# [Task item]
Exactly and only the lines below from the one containing "MAIN MENU DOWNLOAD" down to the one containing "パンツはGU。真っ赤な帽子で差し色的な。 ザ・ラフ。 お返しを期待しない。" are wanted, both included; please exclude every picture.

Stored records

BEGIN

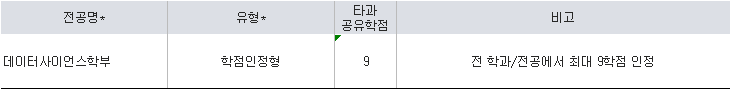 ※ 기본적으로 타전공을 모두 인정해줄 수 있으나 본인의 주전공 혹은 복수전공이 아닌 타 전공을 인정 받고자 한다면 학부 내 교과과정위원회의 심사를 받은 후 승인이 결정.
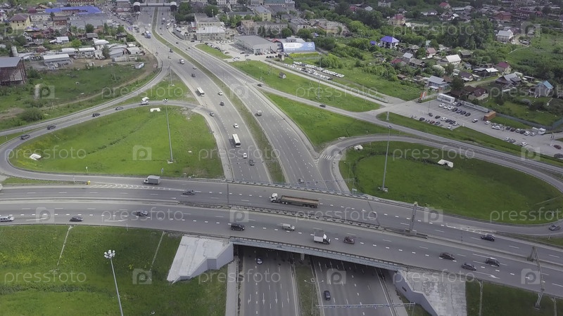 Вид с воздуха на пересечение автомагистрали.Автомобиль и мостик с автомобилями и грузовиками, перекресток, двухуровневый дорожный разъезд в большом городе.Вид сверху
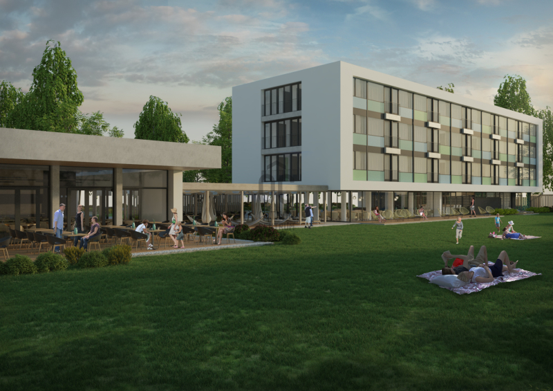 A telken a ’70-es évek elején épült szálloda- és étteremépületek állnak, összesen 66 darab kétágyas szobával. A telek elhelyezkedése, mérete és vízparti adottságai miatt kiemelkedő lehetőséget kínál turisztikai, szállodai vagy komplex fejlesztési célokra.
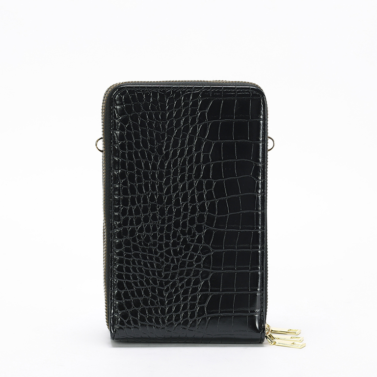 • Dámska mini taška cez rameno, vyrobená z ekologickej kože s razením a zapínaná na zips. Model má: - 3 priehradky na zips, - 8 vreciek na platobné karty alebo iné doklady, - dodatočne nastaviteľný, odnímateľný popruh.
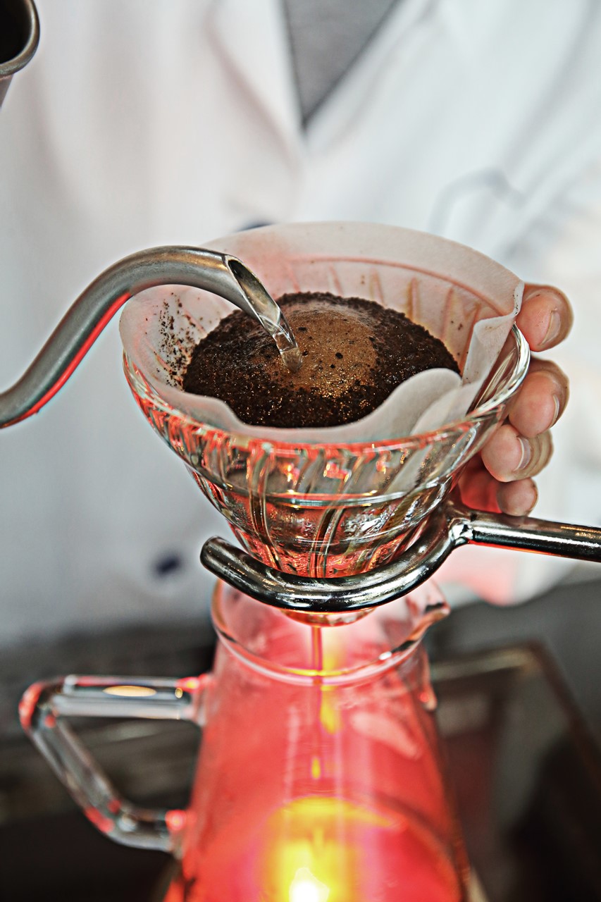 焙煎された豆はハリオV-60で抽出されお客さまのもとへ。感覚ではなくすべてが理論付けられた抽出方法で豆のポテンシャルを引き出している。
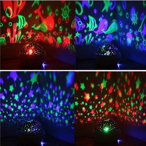 Is uw kind soms moeilijk in slaap te krijgen in het donker? Probeer dan eens deze projectorlamp met sterrenhemel- en onderwaterwereldprojecties. Met twee standen om uit te kiezen - een 360 graden projector of een nachtlamp - en de mogelijkheid om uit 8 kleuren te kiezen, biedt deze lamp een rustgevende sfeer voor elke ruimte. De compacte en stijlvolle lamp werkt op 4 AAA-batterijen of via USB. Ideaal voor baby's, kinderen en zelfs volwassenen die behoefte hebben aan een vleugje magie en rust op hun kamer. Laat uw kleintje wegdromen onder een prachtige sterrenhemel of tussen de betoverende onderwaterscène.
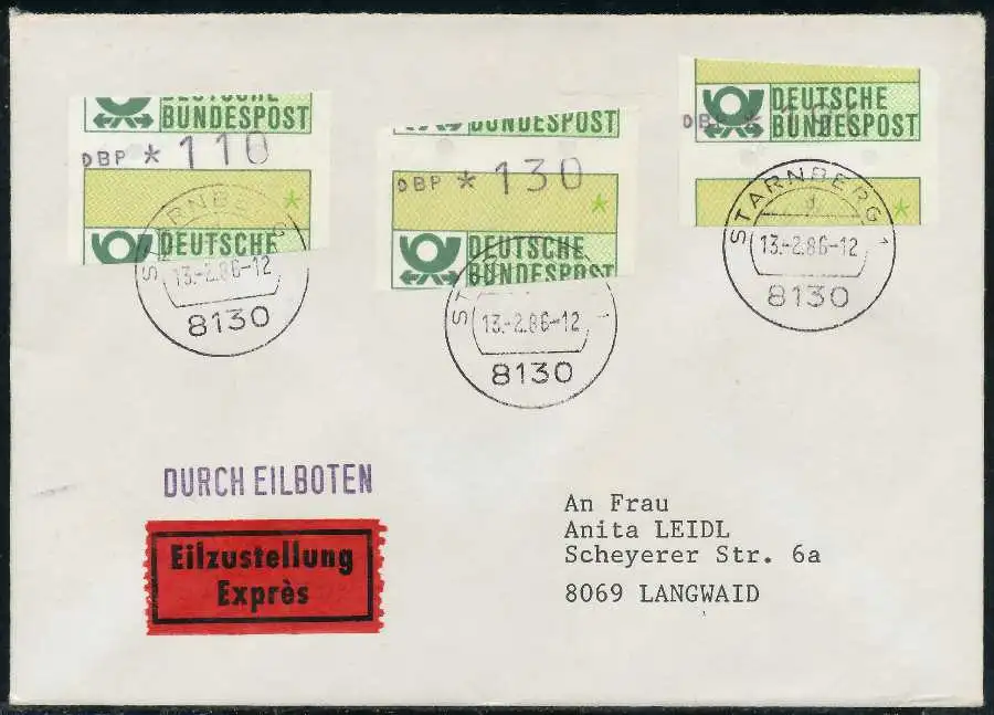 Eilbrief mit ATM1-190 und 130 und 110, sogenannter "Starnberger Reiter bzw. Starnberger Springer", beiliegend Quittung vom Automaten mit Datum vom 01.08.85
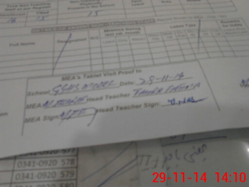 | Attendance Register | Head Teacher | MEA with School | Visit Proof |
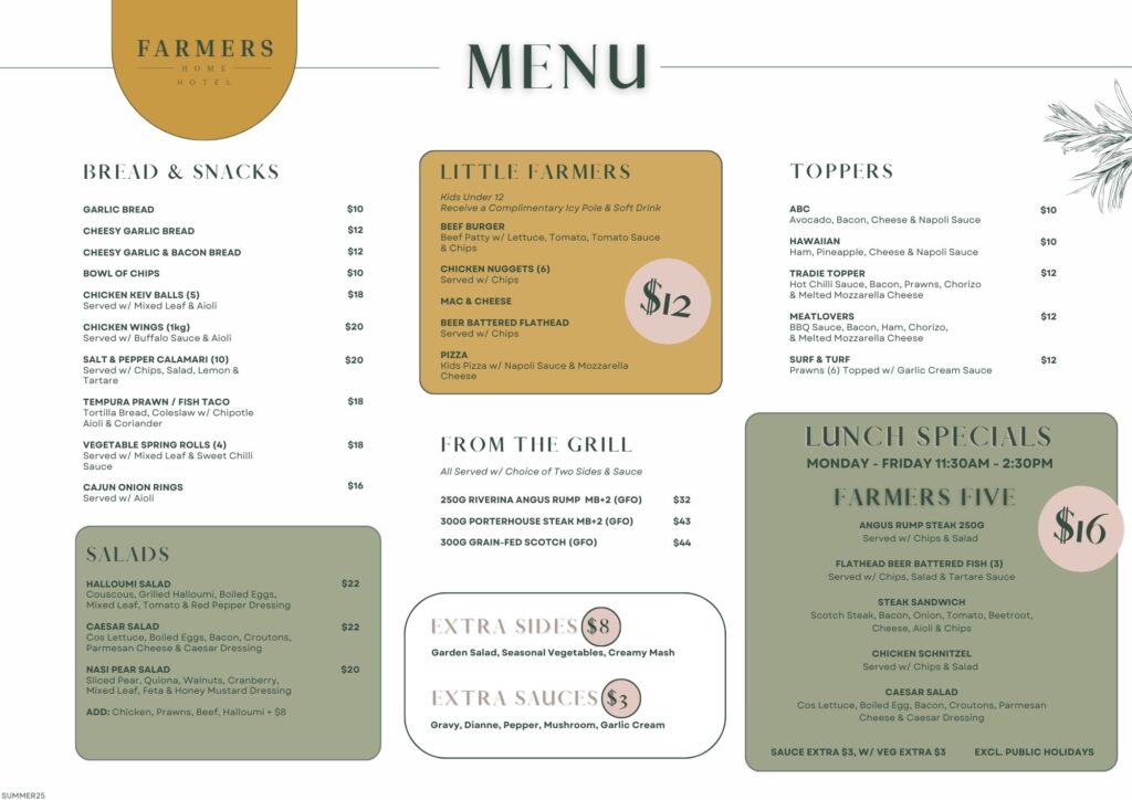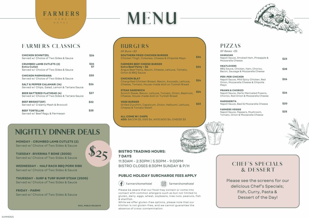 MAIN MENU DOWNLOAD OUR MENU HERE BISTRO 7 DAYS LUNCH: 11:30am – 2:30pmDINNER: 5:30pm – 9pm (8.30PM SUN + P/H) Takeaway $3 per meal | 10% surcharge applies on Public Holidays
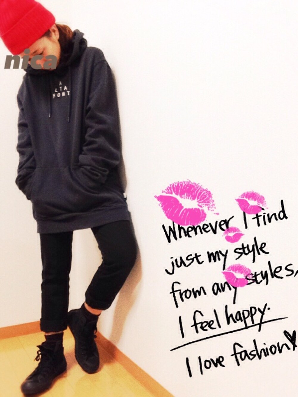 パンツはGU。真っ赤な帽子で差し色的な。 ザ・ラフ。 お返しを期待しない。 感謝の言葉も求めない。 それが、本当の奉仕。 瀬戸内寂聴
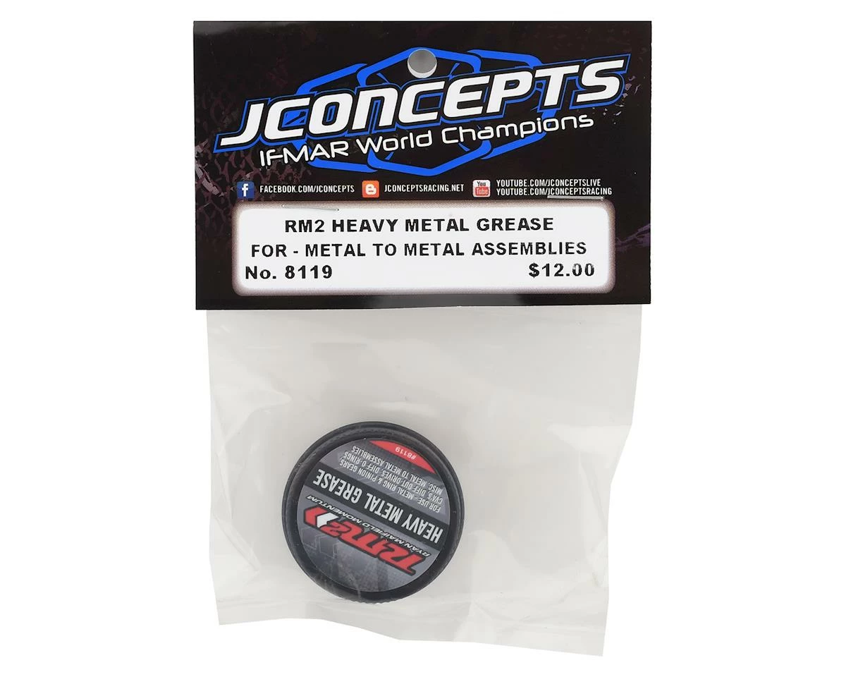 The JConcepts RM2 Heavy-Metal Grease was developed by JConcepts together with RM2 to deliver a heavy-metal grease for a multitude of uses in the rc industry. The competition starts in the pits during rebuilds, freshening a car or simply building a new kit. The heavy-metal grease is the perfect complement for metal to metal parts in the drive-line such as ring and pinion gear assemblies. It’s also a great spread for CVA’s, diff out-drives and inside the diff on the seated o-rings.
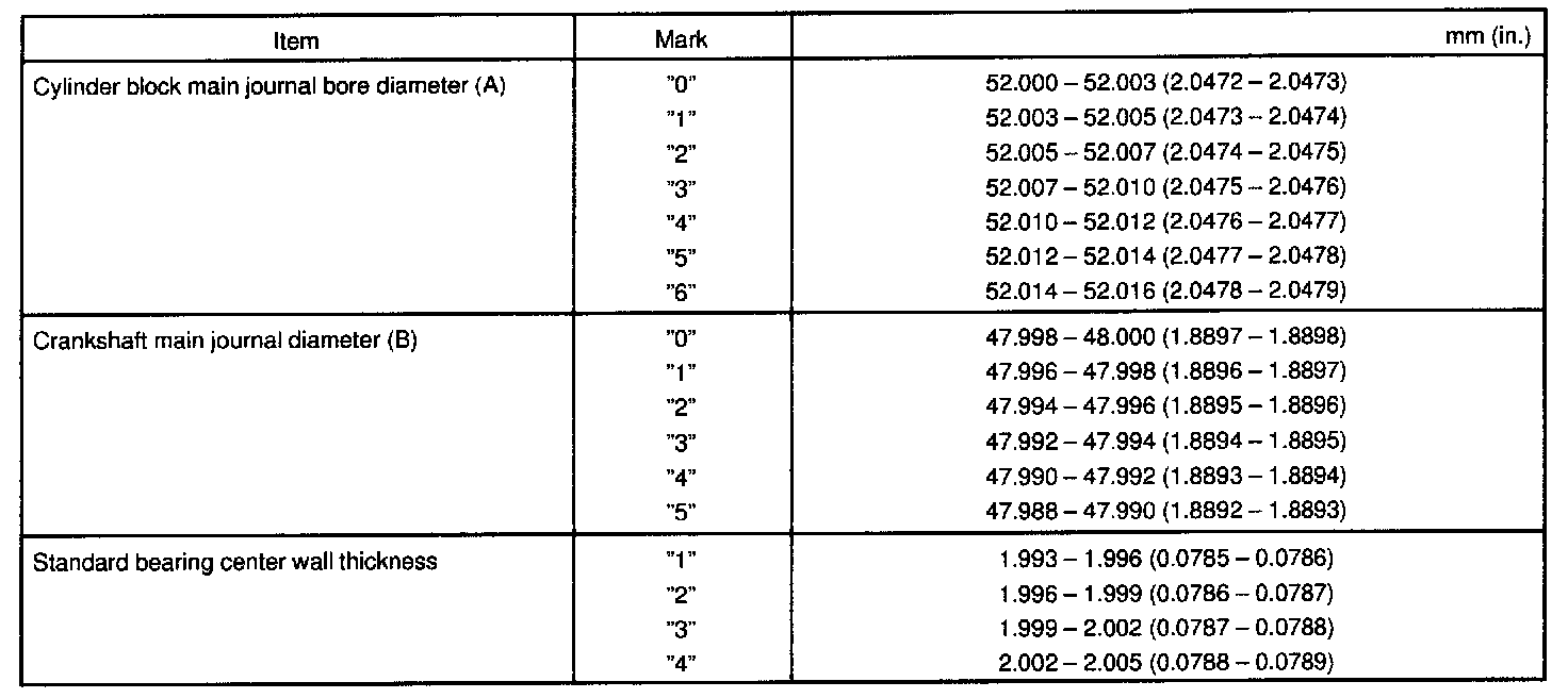 Standard oil clearance: 0.028 - 0.060 mm (0.0011 - 0.0024 inch)
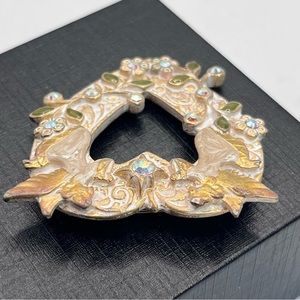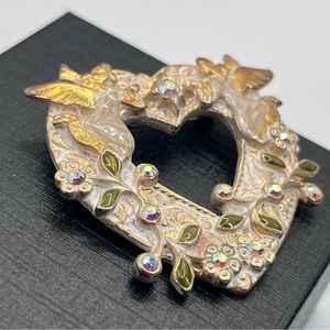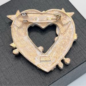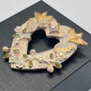 KC VTG 50's Angel Heart AB Enamel Brooch Pin 1.75"
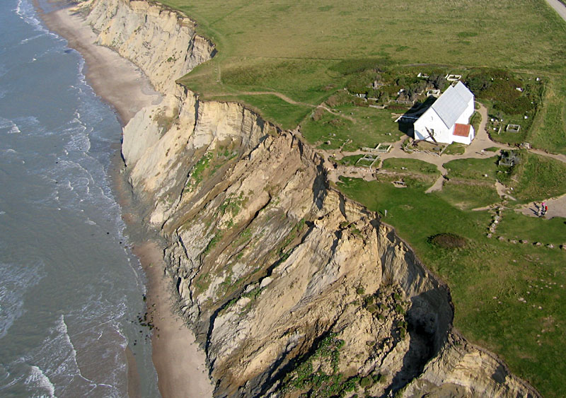 | Overview of Mårup Kirke in the foreground and Skallerup Strand community in the background. The cliff is composed entirely of unconsolidated sediments. It's retreating at an average rate of 1 m (3 feet) per year. |
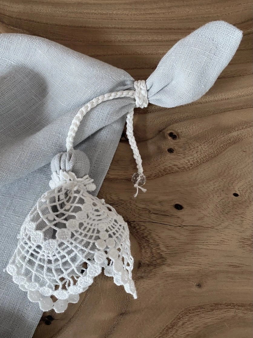 Подвесы-Аксессуары Декоративные аксессуары (подхваты) для фиксации полотенца украшены миниатюрной кисточкой из ткани и вязаной кружевной деталью.

END

# [Task answer]
 MAIN MENU DOWNLOAD OUR MENU HERE BISTRO 7 DAYS LUNCH: 11:30am – 2:30pmDINNER: 5:30pm – 9pm (8.30PM SUN + P/H) Takeaway $3 per meal | 10% surcharge applies on Public Holidays
 パンツはGU。真っ赤な帽子で差し色的な。 ザ・ラフ。 お返しを期待しない。 感謝の言葉も求めない。 それが、本当の奉仕。 瀬戸内寂聴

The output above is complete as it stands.